The selection for The Lives of Great Photographers exhibition was a difficult one for our curators. The photographers in the exhibition were chosen according to five categories and we have displayed the best examples from each. Only photographers who had died and therefore completed their life's work were chosen as it was thought that only then could a photographer be judged.
But, there are so many photographers who could or should be 'great'. What does the word 'great' even mean in this context? Does the praise of an expert make a photographer great? Does a great life make a great photographer? Robert Capa lived a risk-taking, high-society, celebrity lifestyle and Weegee was a master of self-promotion, whilst others were more obscure during their lifetime but left a great legacy.

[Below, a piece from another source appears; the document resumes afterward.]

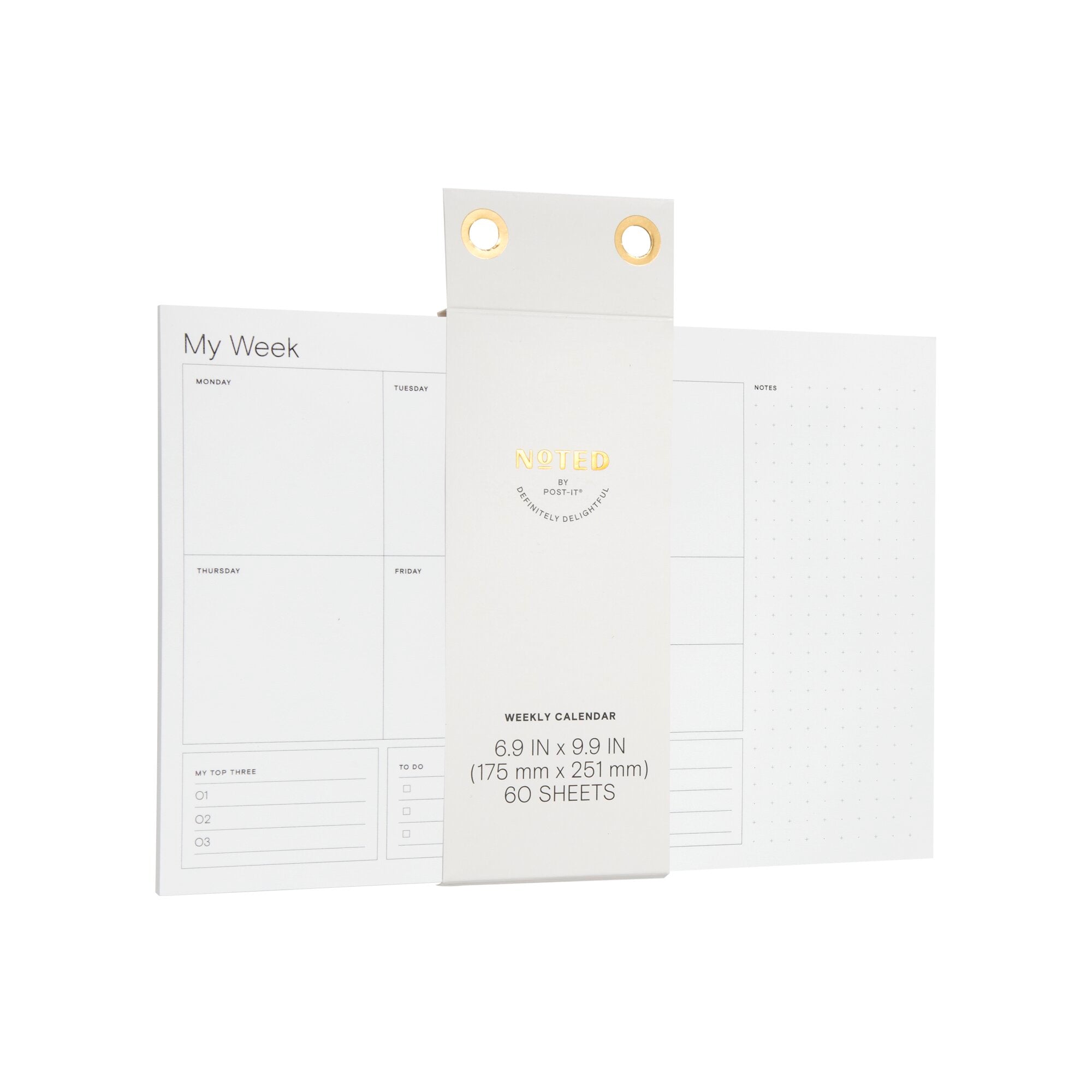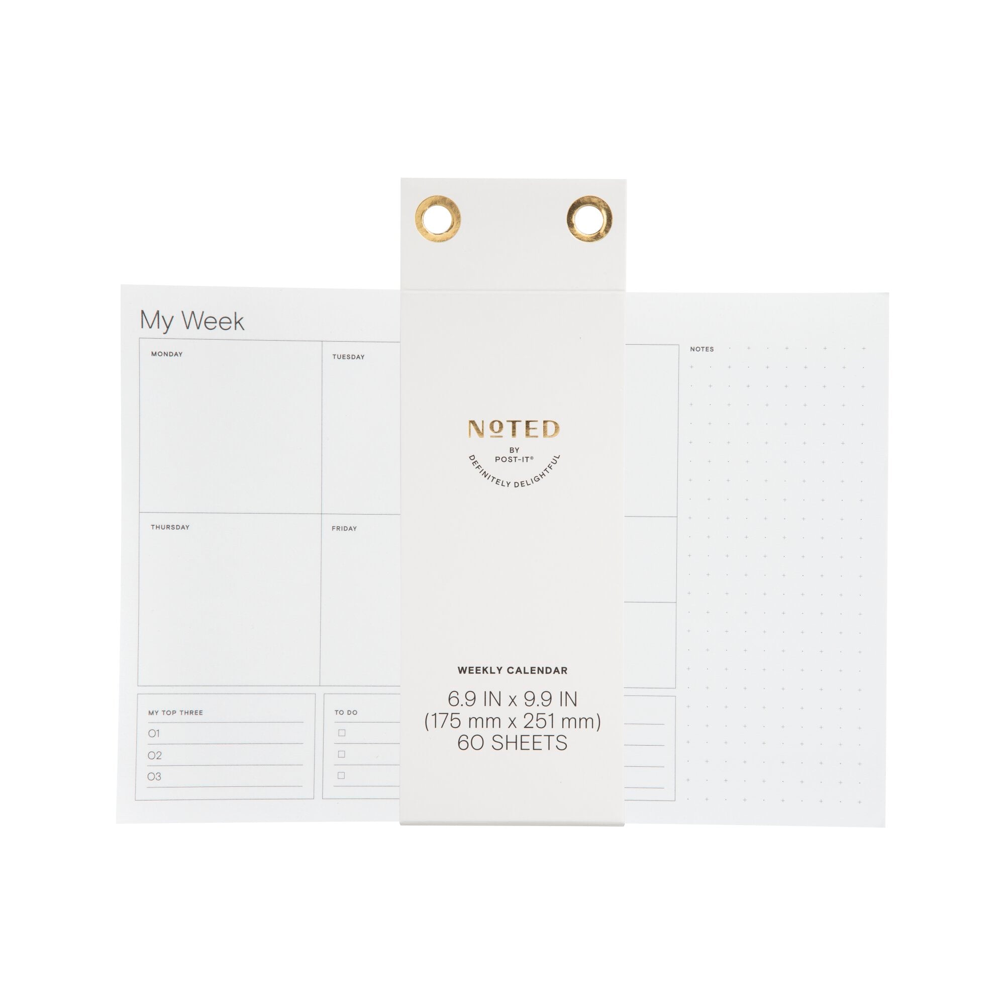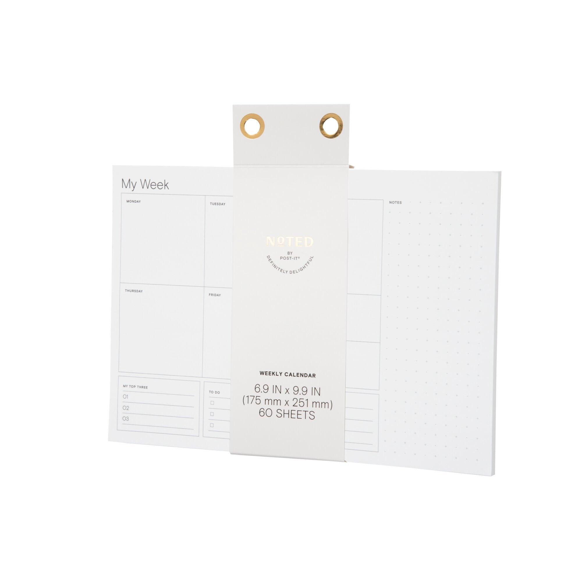 Noted by Post-it® Weekly Calendar, White with pre-printed days, 6.9 in. x 9.9 in.Meet Noted by Post-it®, a collection of delightfully designed desktop accessories to help inspire, wrangle and commemorate life’s most notable moments. This customizable 6.6 in. x 9.9 in. weekly calendar allows you to plan out your week however works best for you. Sheets are white with a pre-printed days of the week and has a dot grid area for free notes. Use with other Noted by Post-it products for a coordinated look. 1 Pad/Pack, 60 Sheets/Pad.

A couple of weeks ago, the exhibition's curator, Brian Liddy, and Anne McNeill, Director of Impressions Gallery met to discuss this question, and explore wider issues surrounding the exhibition. You can watch the video of the interview which took place in Gallery One right here:
Brian kindly agreed to write about the interview for our blog:
"I was feeling a bit apprehensive about being interviewed by Anne McNeill about ‘The Lives of Great Photographers’, which I had selected the photographs for.
"All of this was to be in front of an audience, and on top of that we were to be filmed by my colleague, Emma Shaw with a view to putting it on the web. Yikes! The whole idea for the event was Emma’s, and was arranged by another colleague, Fozia Bano. She knew it would go down well, said we should go for it and encouraged me all the way.
"So, Anne and I met beforehand to have a chat about the ‘interrogation’, but I didn’t know what questions she was going to ask me on the night, which made me nervous. Also, Anne is really knowledgeable, has strong views and isn’t afraid to speak her mind. All of this made me nervous, but I needn’t have been. Anne was great, and really put me at ease right from the start."
"Don’t get me wrong - it was a serious event, with important issues to be raised, but Anne phrased her questions as if she was more of an interested friend than an adversary. So, thanks to her I actually began to enjoy myself once we began.
"I had chosen photographs for the exhibition by famous photographers such as Alfred Stieglitz, Edward Steichen, Dorothea Lange, Bill Brandt, Julia Margaret Cameron, Fay Godwin, Cartier-Bresson and Weegee for the show. But there are also less well known photographers such as George Davison and Edith Tudor Hart. I would have to account for their inclusion, why I had chosen the photographs I did, and perhaps explain why photographers like Ansel Adams and Cindy Sherman weren’t in the exhibition. It could have spelled trouble!
"But in the end we talked about things like the history of the National Photography Collection, and why it's shaped the way it is. I explained that as an institution we’re much older than you might think. Not everyone knows that we’re part of a wider group of museums called NMSI which includes the Science Museum, and that we moved from London 26 years ago, but the collections here have been growing since the 1880s.
"It was good to be able to explain that although Julia Margaret Cameron’s work has been in our collection since that period, it would have been acquired as examples of albumen prints from wet collodion negatives rather than works of art. That side of her work would have been covered by the V&A Museum and the Royal Photographic Society.
"I was pleased that people asked questions, and that we were able to have a few laughs along the way. Now I’m looking forward to doing more events like last night in the future, and hope to maybe see you there."